● **Items from a dataset**:
--*--
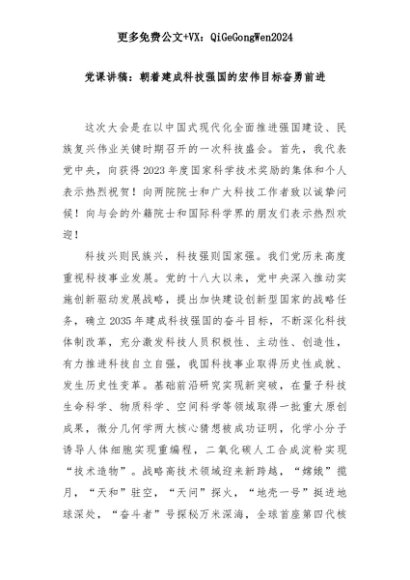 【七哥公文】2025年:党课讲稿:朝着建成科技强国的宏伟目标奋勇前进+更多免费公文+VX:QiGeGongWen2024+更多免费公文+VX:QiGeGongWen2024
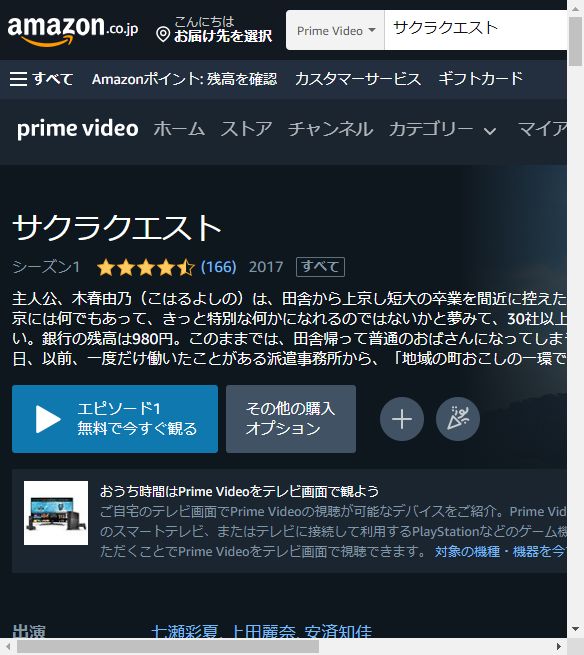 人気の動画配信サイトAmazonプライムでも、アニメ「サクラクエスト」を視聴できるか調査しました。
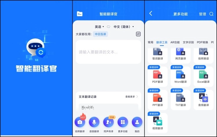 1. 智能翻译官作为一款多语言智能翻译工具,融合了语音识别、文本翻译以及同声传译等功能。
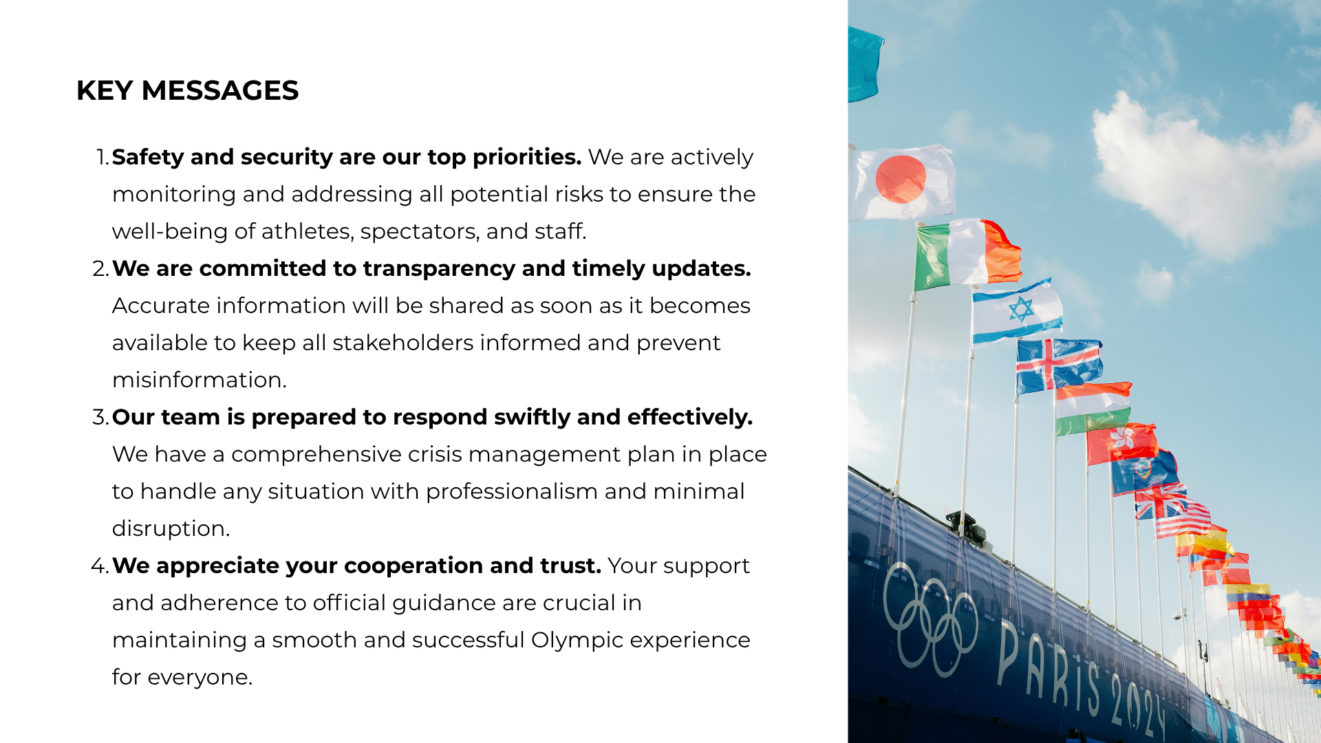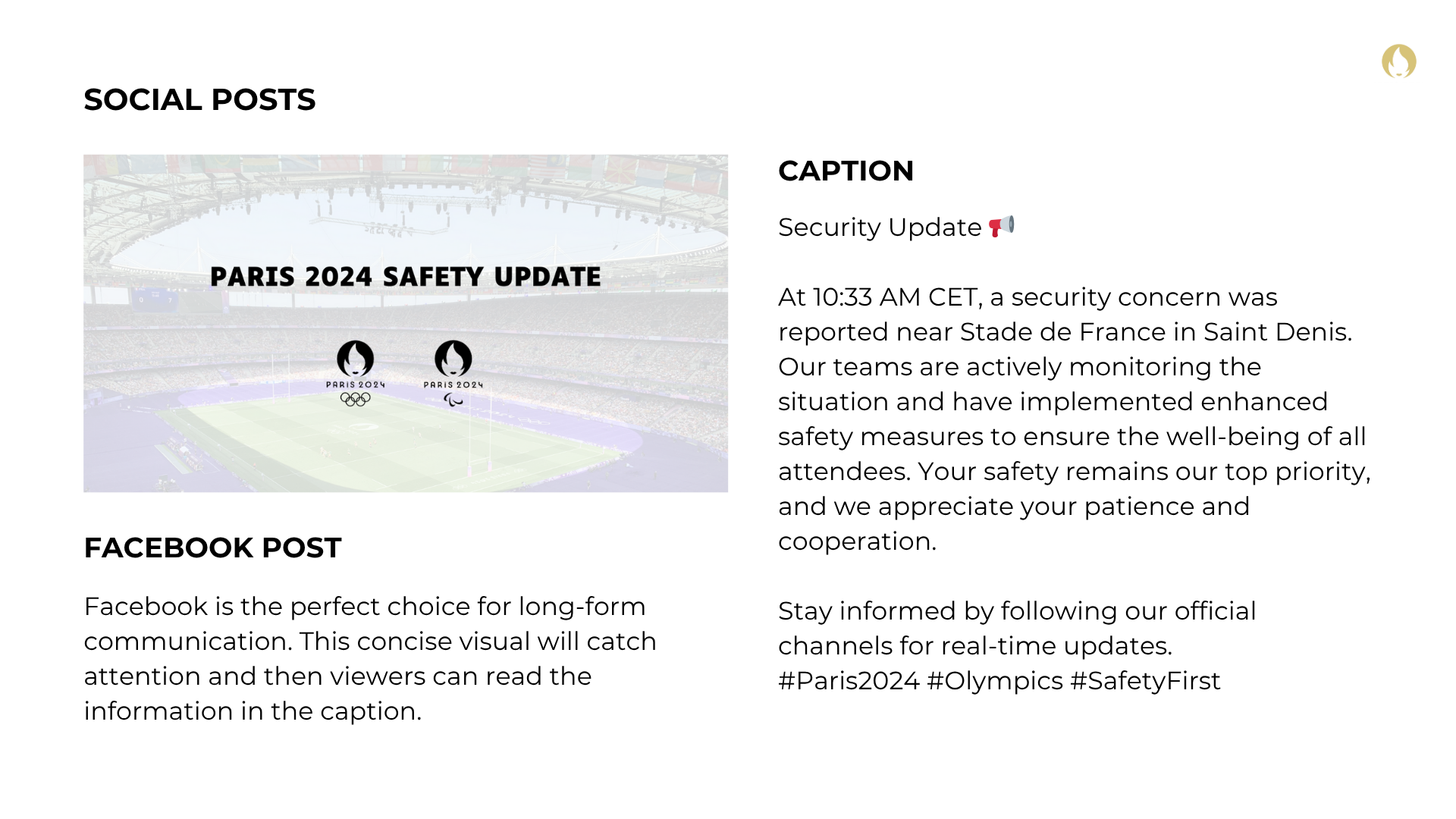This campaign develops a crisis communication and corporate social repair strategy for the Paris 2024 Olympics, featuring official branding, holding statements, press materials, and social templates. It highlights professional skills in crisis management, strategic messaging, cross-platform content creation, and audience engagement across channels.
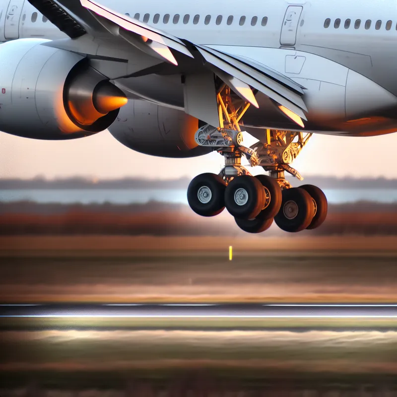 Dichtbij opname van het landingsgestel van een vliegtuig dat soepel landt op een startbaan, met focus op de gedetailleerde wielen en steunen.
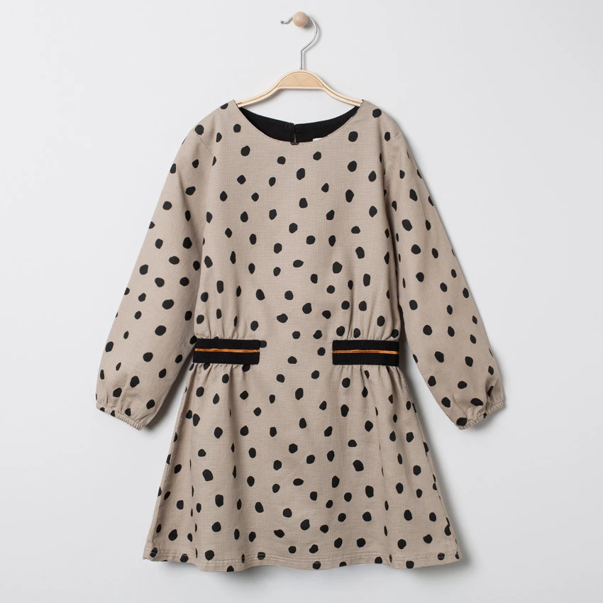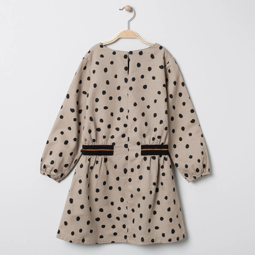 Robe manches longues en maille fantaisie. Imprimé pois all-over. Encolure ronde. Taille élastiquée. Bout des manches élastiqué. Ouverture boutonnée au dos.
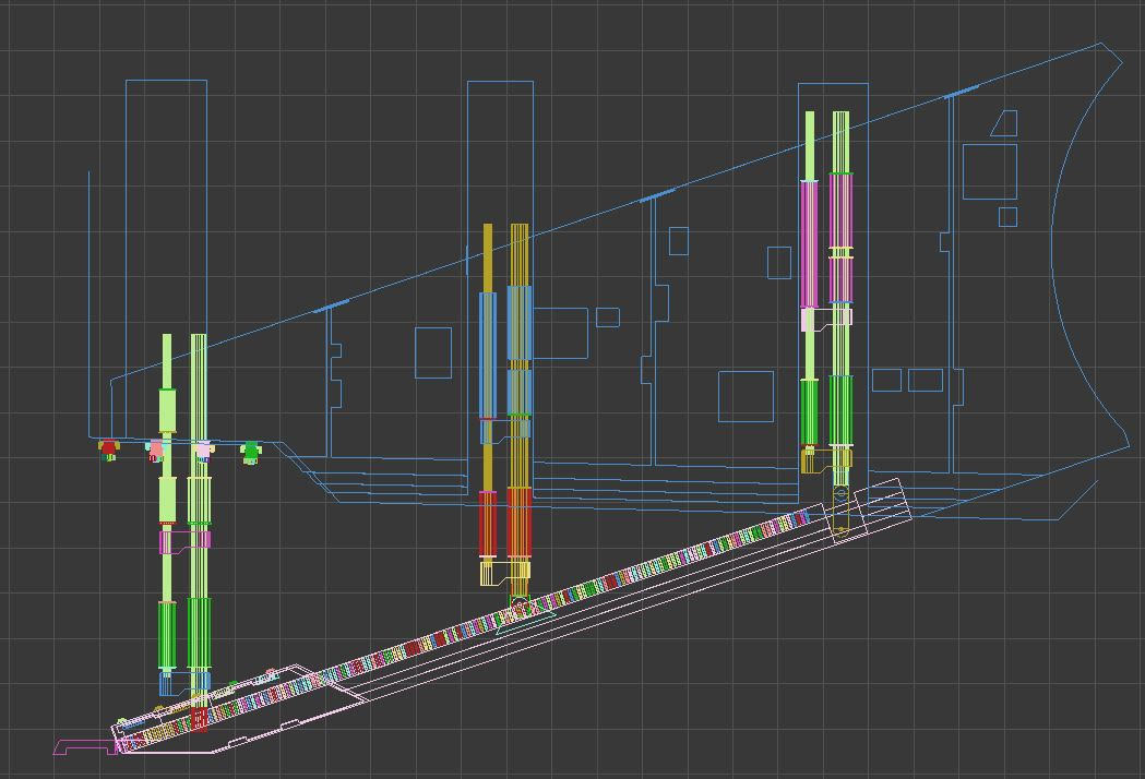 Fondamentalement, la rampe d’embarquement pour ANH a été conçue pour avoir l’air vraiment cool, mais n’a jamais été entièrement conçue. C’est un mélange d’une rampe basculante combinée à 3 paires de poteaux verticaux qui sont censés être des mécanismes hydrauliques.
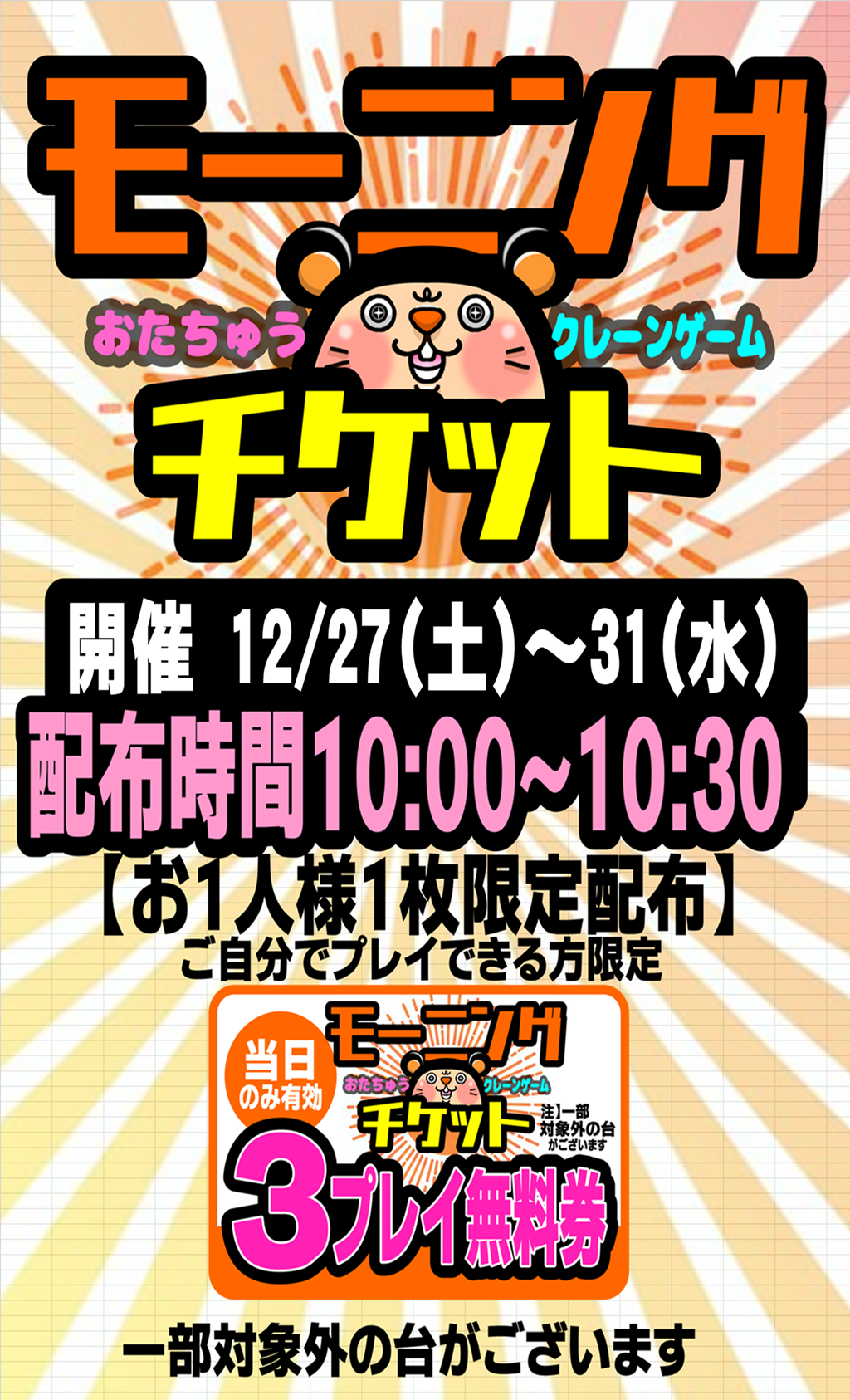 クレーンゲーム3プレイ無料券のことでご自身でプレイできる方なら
--*--
● **PROBLEM DESCRIPTION**: In the records above, locate the line containing "1. 智能翻译官作为一款多语", then copy exactly that line and every line after it through the end, omitting pictures.

● **ANSWER TO THIS PROBLEM**:
 1. 智能翻译官作为一款多语言智能翻译工具,融合了语音识别、文本翻译以及同声传译等功能。
This campaign develops a crisis communication and corporate social repair strategy for the Paris 2024 Olympics, featuring official branding, holding statements, press materials, and social templates. It highlights professional skills in crisis management, strategic messaging, cross-platform content creation, and audience engagement across channels.
 Dichtbij opname van het landingsgestel van een vliegtuig dat soepel landt op een startbaan, met focus op de gedetailleerde wielen en steunen.
 Robe manches longues en maille fantaisie. Imprimé pois all-over. Encolure ronde. Taille élastiquée. Bout des manches élastiqué. Ouverture boutonnée au dos.
 Fondamentalement, la rampe d’embarquement pour ANH a été conçue pour avoir l’air vraiment cool, mais n’a jamais été entièrement conçue. C’est un mélange d’une rampe basculante combinée à 3 paires de poteaux verticaux qui sont censés être des mécanismes hydrauliques.
 クレーンゲーム3プレイ無料券のことでご自身でプレイできる方なら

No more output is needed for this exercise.